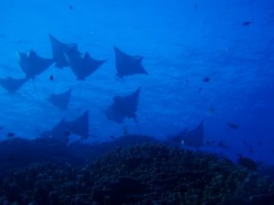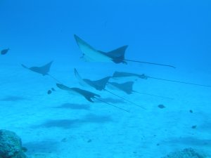 多い時で50匹以上、平均で15~20匹のマダラトビエイが集まってくる。
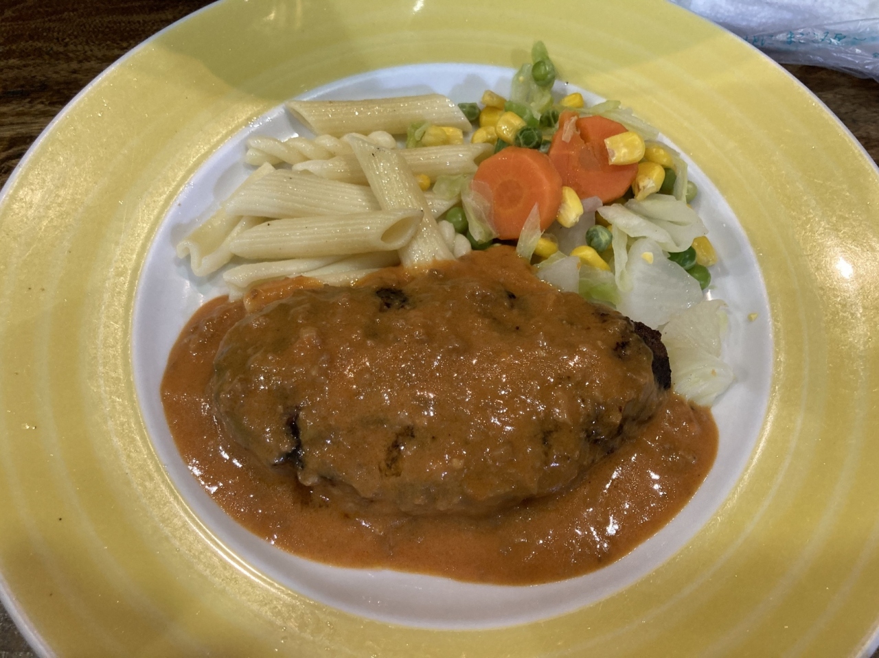 いつものランチを食べてきました。メニューは一つだけです。ニンニクの効いたドレッシングの豆腐サラダ、ふんわりジューシーなハンバーグ、デザートのプリンとコーヒーもついて千円です。コスパの良さも、おいしさも、ずっと変わりません。ずっと以前にはカレーやチキンソテーが登場していましたが、最近はハンバーグ一本です。ソースで変化をつけているようです。
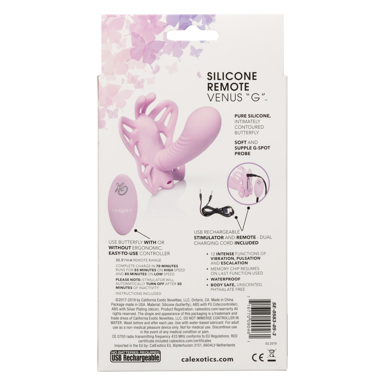 Venus Butterfly Silicone Remote Venus G G-Spot Vibrator with Clitoral Stimulator Pink from California Exotic Novelties. Prepare to be thrusted into a world of full contact stimulation with the Venus Butterfly Silicone Remote Venus G. The now world famous Venus Butterfly collection has done it again with an intimately contoured shape, pliable G-Spot Massager and 12 intense functions of vibration. Spread your wings and tease on the go with the ravishing remote control range of up to 32.5 feet away! While the sensually curved vibrator deliver knee shaking G-Spot stimulation, the contoured butterfly hugs close to your body for external teasing. To use with the remote: hold the push button control for 3 seconds to turn on/off and use the XO button to cycle through 12 vibration, pulsation and escalation functions. While the easy to use vibe can be used with or without the remote to control the intensity, the integrated state of the art memory chip remembers just how you like it by starting on the last function used. Recharge the premium Silicone Massager in 70 minutes with the provided dual charging USB cable to enjoy 55 minutes of high speed stimulation or 80 minutes of low speed vibrations. Massager will automatically turn over after 30 minutes of continuous use. The hypoallergenic premium Silicone is body safe, unscented and phthalate free to keep you most sensitive spots, happy and healthy. This item features a state of the art memory chip that will resume on the last function used. Reignite the pleasure, right where you left off. Designed for easy use, you will find operation a snap even on the darkest night. Frustration free and perfect for pleasure, just one push brings intense stimulation your way. This long range remote works for a substantial distance, try it across the room, then close in on pleasure. Maximize your pleasure with full coverage that brings ecstasy with ease. You will get everything you need to find exactly what you desire. Bulk weight 4.2 ounces. Materials Silicone, ABS Plastic with Polyurethane PU Cote, ABS Plastic with Metallic Plating. Functions a variable speed control takes you to the height of gratifying pleasure. You will find sensual stimulation that throbs with excitement. 12 functions bring you thrilling elements of vibration, pulsation, and escalation. Experience the ultimate bedroom adventure! 1 year warranty. Battery information this product includes USB charging capabilities. Measurements 3.5 inches by 3 inches Butterfly. 3 inches by 1 inch Shaft. Categories: Vibrators, Eco-Friendly Sex Toys, Rechargeable Vibrators, G-Spot Vibrators, Sex Toys for Women, G-Spot Clit Stimulators. 2023.

__________________________________________________

> Work task
Output the complete listing exactly as it appears, except for the images.

> Solution for this task
 多い時で50匹以上、平均で15~20匹のマダラトビエイが集まってくる。
 いつものランチを食べてきました。メニューは一つだけです。ニンニクの効いたドレッシングの豆腐サラダ、ふんわりジューシーなハンバーグ、デザートのプリンとコーヒーもついて千円です。コスパの良さも、おいしさも、ずっと変わりません。ずっと以前にはカレーやチキンソテーが登場していましたが、最近はハンバーグ一本です。ソースで変化をつけているようです。
 Venus Butterfly Silicone Remote Venus G G-Spot Vibrator with Clitoral Stimulator Pink from California Exotic Novelties. Prepare to be thrusted into a world of full contact stimulation with the Venus Butterfly Silicone Remote Venus G. The now world famous Venus Butterfly collection has done it again with an intimately contoured shape, pliable G-Spot Massager and 12 intense functions of vibration. Spread your wings and tease on the go with the ravishing remote control range of up to 32.5 feet away! While the sensually curved vibrator deliver knee shaking G-Spot stimulation, the contoured butterfly hugs close to your body for external teasing. To use with the remote: hold the push button control for 3 seconds to turn on/off and use the XO button to cycle through 12 vibration, pulsation and escalation functions. While the easy to use vibe can be used with or without the remote to control the intensity, the integrated state of the art memory chip remembers just how you like it by starting on the last function used. Recharge the premium Silicone Massager in 70 minutes with the provided dual charging USB cable to enjoy 55 minutes of high speed stimulation or 80 minutes of low speed vibrations. Massager will automatically turn over after 30 minutes of continuous use. The hypoallergenic premium Silicone is body safe, unscented and phthalate free to keep you most sensitive spots, happy and healthy. This item features a state of the art memory chip that will resume on the last function used. Reignite the pleasure, right where you left off. Designed for easy use, you will find operation a snap even on the darkest night. Frustration free and perfect for pleasure, just one push brings intense stimulation your way. This long range remote works for a substantial distance, try it across the room, then close in on pleasure. Maximize your pleasure with full coverage that brings ecstasy with ease. You will get everything you need to find exactly what you desire. Bulk weight 4.2 ounces. Materials Silicone, ABS Plastic with Polyurethane PU Cote, ABS Plastic with Metallic Plating. Functions a variable speed control takes you to the height of gratifying pleasure. You will find sensual stimulation that throbs with excitement. 12 functions bring you thrilling elements of vibration, pulsation, and escalation. Experience the ultimate bedroom adventure! 1 year warranty. Battery information this product includes USB charging capabilities. Measurements 3.5 inches by 3 inches Butterfly. 3 inches by 1 inch Shaft. Categories: Vibrators, Eco-Friendly Sex Toys, Rechargeable Vibrators, G-Spot Vibrators, Sex Toys for Women, G-Spot Clit Stimulators. 2023.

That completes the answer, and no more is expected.